+++ Data shown

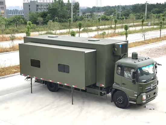 宿营车是一种针对部队官兵进行紧急兵员运输时,能够提供临时指挥和休息场所,并能够满足各种野外作业和考察要求的车辆。宿营车主要由二类汽车底盘、宿营方舟、宿营设施包括床位,卫生间,空调系统,影视系统,电气系统,安全系统等组成,使官兵们在野外能够有一个安全、卫生、舒适的就寝环境,我厂生产的各类宿营车能够适应普通公路、沙石路、简易公路以及越野等特殊使用环境。我厂于2017年试制第一台宿营车下线,也成批量交付给军队、消防队、企事业单位各种类型的宿营车。
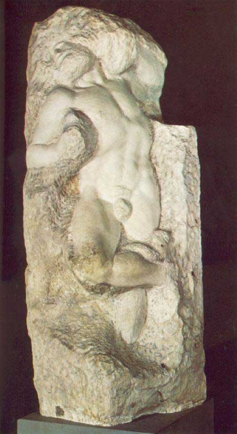 • 06 Michelangelo, Erwachender Sklave 1525. Individuelle Modifikation einer Norm, keine Rede von Verfall als Dokument der Zeit. Aspekt der Entstehung wird verknüpft mit dem Unvollendeten. Es ist ein Stadium des Aufbaus und kein Zeichen von Verfall. Die Züge der Bearbeitung des Marmors zeigen, wie der Stein ursprünglich war. Spuren als Zeichen der Bearbeitung des Steins und der verwendeten Werkzeuge.
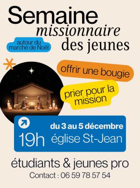 Semaine missionnaire des jeunes, étudiants et jeunes pro, autour du marché de Noël, offrir une bougie, prier pour la mission.

++++++

• [Exercise requirements]: I would like the data copied exactly as it stands, with no pictures included.

• [Expected answer]:
 宿营车是一种针对部队官兵进行紧急兵员运输时,能够提供临时指挥和休息场所,并能够满足各种野外作业和考察要求的车辆。宿营车主要由二类汽车底盘、宿营方舟、宿营设施包括床位,卫生间,空调系统,影视系统,电气系统,安全系统等组成,使官兵们在野外能够有一个安全、卫生、舒适的就寝环境,我厂生产的各类宿营车能够适应普通公路、沙石路、简易公路以及越野等特殊使用环境。我厂于2017年试制第一台宿营车下线,也成批量交付给军队、消防队、企事业单位各种类型的宿营车。
 • 06 Michelangelo, Erwachender Sklave 1525. Individuelle Modifikation einer Norm, keine Rede von Verfall als Dokument der Zeit. Aspekt der Entstehung wird verknüpft mit dem Unvollendeten. Es ist ein Stadium des Aufbaus und kein Zeichen von Verfall. Die Züge der Bearbeitung des Marmors zeigen, wie der Stein ursprünglich war. Spuren als Zeichen der Bearbeitung des Steins und der verwendeten Werkzeuge.
 Semaine missionnaire des jeunes, étudiants et jeunes pro, autour du marché de Noël, offrir une bougie, prier pour la mission.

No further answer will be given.